I'm a wedding photographer based in Belgium and I would like to share with you my new website because I really need a n external opinion.
To have an idea what I do I invite you to have a look to my website and tell me on the forum or on my blog what your impressions are...
I really hope on your frankness...
My blog is just online so the content is just the beginning but with your help I hope share with you what I dream at night and I'm working as soon I wake up: photography.
Thank's a lot for your comments...

See you on the posts,

Alexis

www.alexispauwels.be


----------



## vimwiz (Dec 19, 2013)

Nice. Fast, no annoying gimmicks. 

It would be nice if it selected language based on browser automatically.


----------



## terri (Dec 19, 2013)

Hi Alexis, and welcome to TPF!      I've moved your thread over to the appropriate forum for sharing personal websites.   
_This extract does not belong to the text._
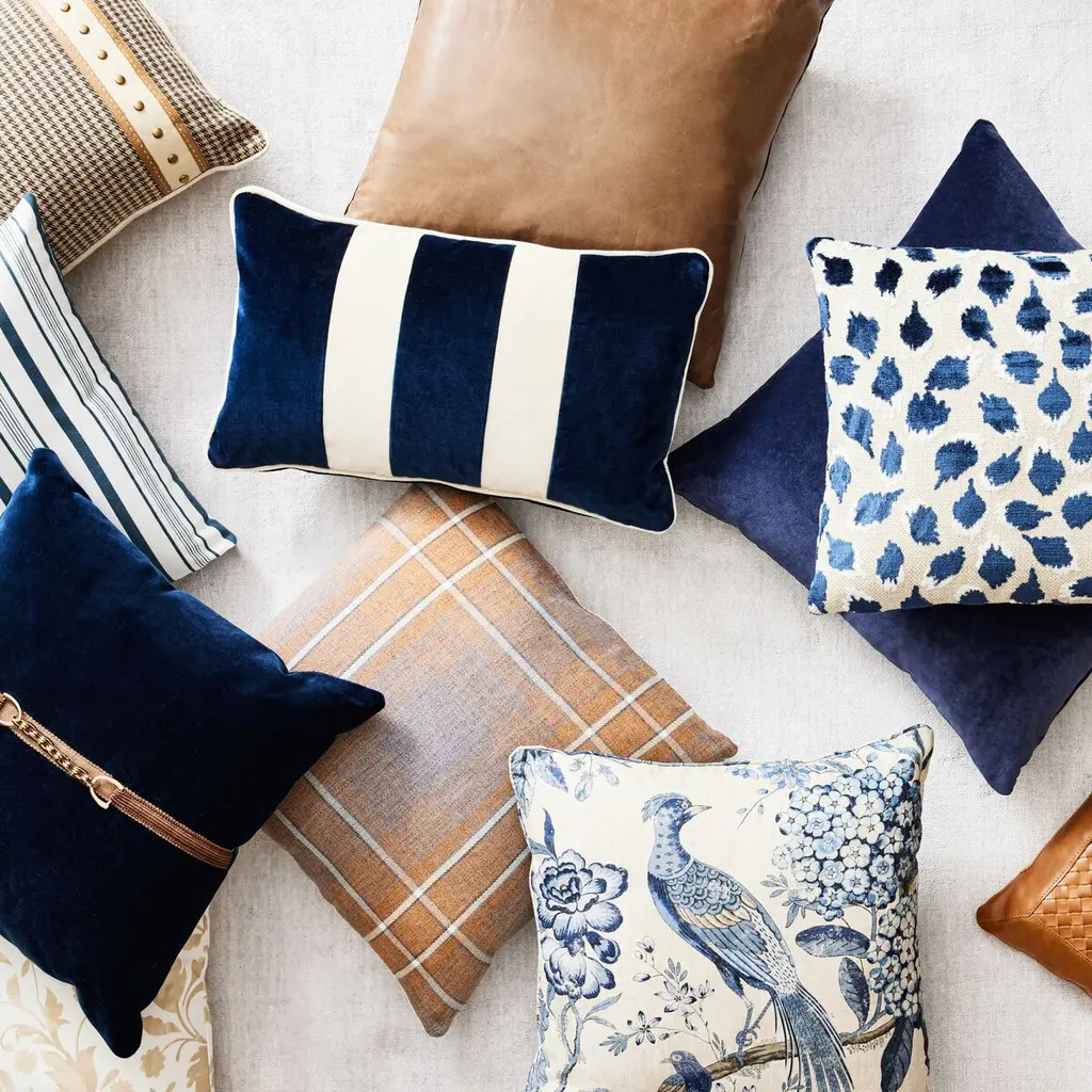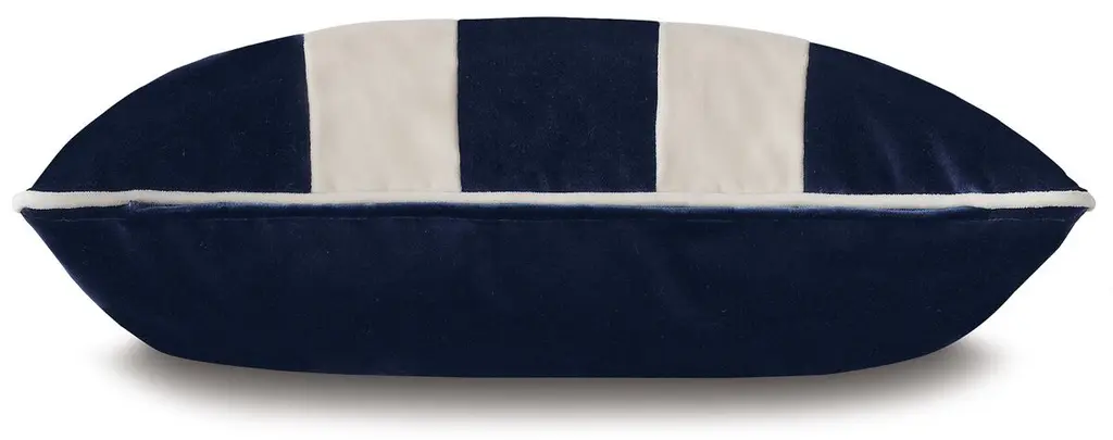 Exclusive to One Kings Lane: Two white stripes on the front and matching welt give this navy-blue lumbar pillow a nautical glamour. The small-feather fill ensures luxe loftiness. Hidden zipper closure.

I hope to see you posting here frequently and sharing your work with us in our Gallery section!    Enjoy the forum.


----------



## The_Traveler (Dec 19, 2013)

Nice clean professional look
Pictures I could see were great.
Matrix for portfolio is a bit frantic, would rather open into galleries.


----------



## alexispauwels (Dec 19, 2013)

Thank you for the feedback...but what do you mean with matrix is a bit frantic?


----------



## alexispauwels (Dec 19, 2013)

THank you...for the browser...I'll talk abour it to my webmaster...it's a wonderfull idea...


----------



## The_Traveler (Dec 19, 2013)

alexispauwels said:


> Thank you for the feedback...but what do you mean with matrix is a bit frantic?
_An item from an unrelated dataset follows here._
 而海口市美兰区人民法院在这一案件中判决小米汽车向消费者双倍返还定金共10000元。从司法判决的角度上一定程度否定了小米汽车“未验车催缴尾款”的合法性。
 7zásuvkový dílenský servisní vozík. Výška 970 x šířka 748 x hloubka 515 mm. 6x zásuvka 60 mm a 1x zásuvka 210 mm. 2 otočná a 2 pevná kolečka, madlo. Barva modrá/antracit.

These are too small to really see, arbitrarily cropping them square totally ruins the photo and no one really knows which one to pick.
The pictures themselves are wonderful but this page is disconcerting.

(besides the optical illusion of seeing a dark dot at the intersections - Hermann Grid Illusion - Grid illusion - Wikipedia, the free encyclopedia )


----------



## The_Traveler (Dec 19, 2013)

Anyone who hasn't taken the time should really look at his photos, especially the B&Ws; they are as good as I've ever seen.


----------